Пейтер. Разумеется! Сколько вам будет угодно!
Прибегает запыхавшийся Джексон. Хаусмен встречает его с часами в руках. Джексон бессильно опускается на скамейку. Хаусмен держит самодельный «лавровый венок». Он беспечно коронует Джексона.
Хаусмен. Одна минута пятьдесят восемь секунд.
Джексон. Что?
Хаусмен. Минута пятьдесят восемь, ровно.
Джексон. Ерунда какая.
Хаусмен. Или две пятьдесят восемь.
Джексон. Тоже ерунда. Сколько была первая четверть?
Хаусмен. Я забыл посмотреть.
Джексон. А что же ты делал?
Хаусмен. Смотрел на тебя.
Джексон. Дубина!
Хаусмен. А почему не может быть минута пятьдесят восемь?
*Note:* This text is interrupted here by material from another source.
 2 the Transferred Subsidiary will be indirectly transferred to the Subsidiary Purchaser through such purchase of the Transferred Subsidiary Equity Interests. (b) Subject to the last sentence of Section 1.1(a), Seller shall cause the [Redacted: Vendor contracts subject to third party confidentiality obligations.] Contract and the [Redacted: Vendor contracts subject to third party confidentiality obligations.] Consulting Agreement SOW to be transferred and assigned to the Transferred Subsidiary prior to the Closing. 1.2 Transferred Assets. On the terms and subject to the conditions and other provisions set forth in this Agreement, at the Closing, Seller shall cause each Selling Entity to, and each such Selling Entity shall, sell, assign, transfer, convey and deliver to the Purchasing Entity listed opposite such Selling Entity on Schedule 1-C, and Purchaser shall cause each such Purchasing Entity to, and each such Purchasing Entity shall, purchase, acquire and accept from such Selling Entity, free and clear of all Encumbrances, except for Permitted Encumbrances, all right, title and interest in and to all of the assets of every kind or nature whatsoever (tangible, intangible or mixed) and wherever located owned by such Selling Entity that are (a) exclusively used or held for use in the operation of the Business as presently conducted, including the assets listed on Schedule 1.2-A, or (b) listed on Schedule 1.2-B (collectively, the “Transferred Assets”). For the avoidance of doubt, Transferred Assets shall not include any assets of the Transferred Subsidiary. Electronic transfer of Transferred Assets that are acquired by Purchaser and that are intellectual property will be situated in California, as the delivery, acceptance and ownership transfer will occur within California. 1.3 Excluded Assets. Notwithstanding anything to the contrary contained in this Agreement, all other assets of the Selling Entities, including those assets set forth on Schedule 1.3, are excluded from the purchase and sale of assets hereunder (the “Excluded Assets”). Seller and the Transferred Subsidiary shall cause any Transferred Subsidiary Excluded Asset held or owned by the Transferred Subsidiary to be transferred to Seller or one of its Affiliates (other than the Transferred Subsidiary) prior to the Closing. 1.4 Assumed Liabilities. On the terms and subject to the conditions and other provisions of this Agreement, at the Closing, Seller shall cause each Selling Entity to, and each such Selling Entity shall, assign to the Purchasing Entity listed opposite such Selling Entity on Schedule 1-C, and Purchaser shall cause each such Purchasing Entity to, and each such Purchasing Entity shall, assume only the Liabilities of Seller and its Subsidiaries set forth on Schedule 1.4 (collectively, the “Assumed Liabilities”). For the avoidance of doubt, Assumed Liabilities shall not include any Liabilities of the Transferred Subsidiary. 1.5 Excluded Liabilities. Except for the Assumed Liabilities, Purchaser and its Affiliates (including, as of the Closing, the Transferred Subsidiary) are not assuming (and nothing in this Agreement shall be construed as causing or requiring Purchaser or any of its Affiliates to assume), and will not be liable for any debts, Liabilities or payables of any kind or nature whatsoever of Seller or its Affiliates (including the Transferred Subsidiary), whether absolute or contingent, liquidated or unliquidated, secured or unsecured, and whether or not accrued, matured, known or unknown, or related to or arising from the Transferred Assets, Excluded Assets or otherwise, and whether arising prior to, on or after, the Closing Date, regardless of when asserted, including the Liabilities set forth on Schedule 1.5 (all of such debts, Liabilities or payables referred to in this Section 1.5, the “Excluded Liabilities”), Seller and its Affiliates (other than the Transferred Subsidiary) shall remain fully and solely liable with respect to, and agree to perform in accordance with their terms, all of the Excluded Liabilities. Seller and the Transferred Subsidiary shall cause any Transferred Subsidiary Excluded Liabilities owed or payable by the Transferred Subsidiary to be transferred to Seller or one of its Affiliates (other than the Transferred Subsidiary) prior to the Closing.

Джексон. Мировой рекорд на полмили больше двух минут.
Хаусмен. А, да?… Мои поздравления, Джексон.
Джексон. Что только из тебя выйдет, Хаус?
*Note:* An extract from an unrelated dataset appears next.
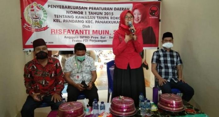 - Legislator DPRD Sulawesi Selatan dari Fraksi PDI Perjuangan Risfayanti Muin, Sosialisasi Peraturan (Sosper) No 1 Tahun 2015 tentang Kawasan Tanpa Rokok (KTR) di Kelurahan Pandang Kecamatan Panakukang, Kota Makassar, Kamis (25/6).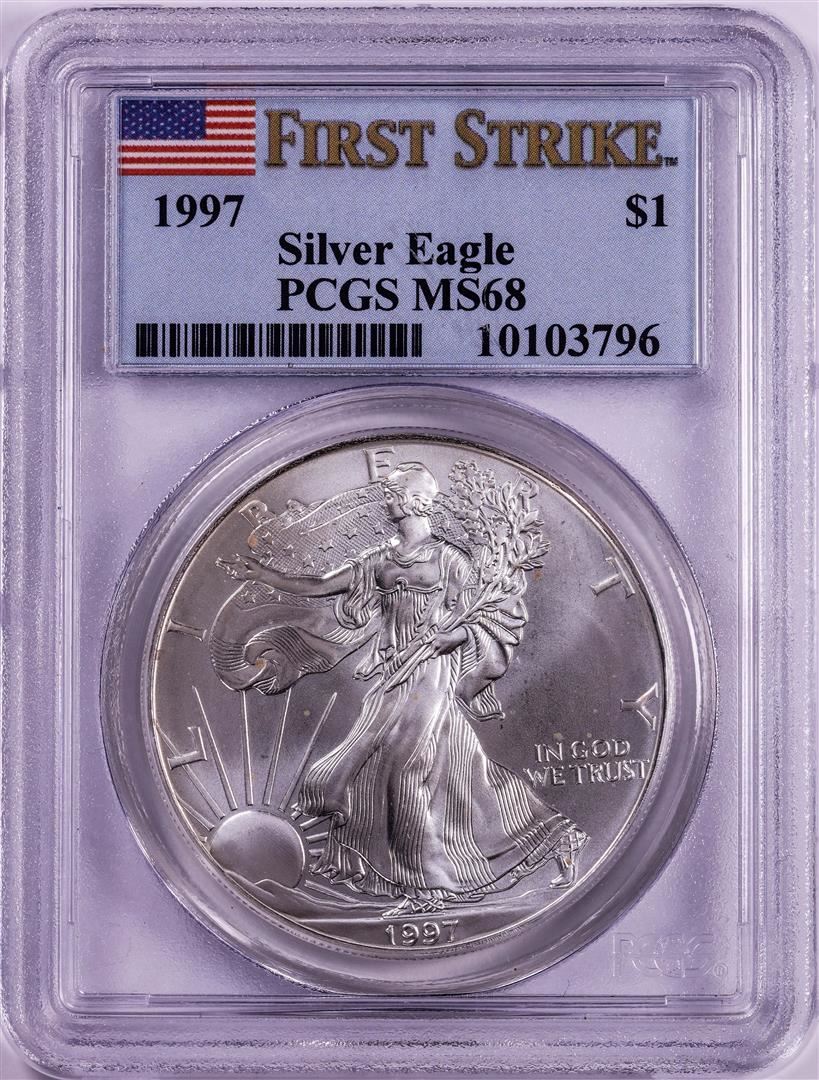 One 1997 $1 American Silver Eagle Coin PCGS MS68 First Strike. PCGS Graded.

Джексон снимает венок и, уходя, оставляет его на скамейке. Хаусмен берется за книгу.
Хаусмен. Вот что из меня вышло.
Пейтер. История была непомерно раздута, она, если угодно, обрела размах в вашем пересказе, но при всем том письмо, подписанное «Ваш любящий»…
Джоуитт. Несколько писем, к тому же адресованных студенту.
Пейтер. Несколько писем, подписанных «Ваш любящий» и адресованных студенту…
Джоуитт. Баллиоля.
Пейтер. Даже студенту Баллиоля, – еще не доказывают факт связи, они не обнаруживают даже намека на сношения, по сути…
Джоуитт. Письма от наставника, сэр, члена совета чужого колледжа, с благодарностью за отвратительный сонет!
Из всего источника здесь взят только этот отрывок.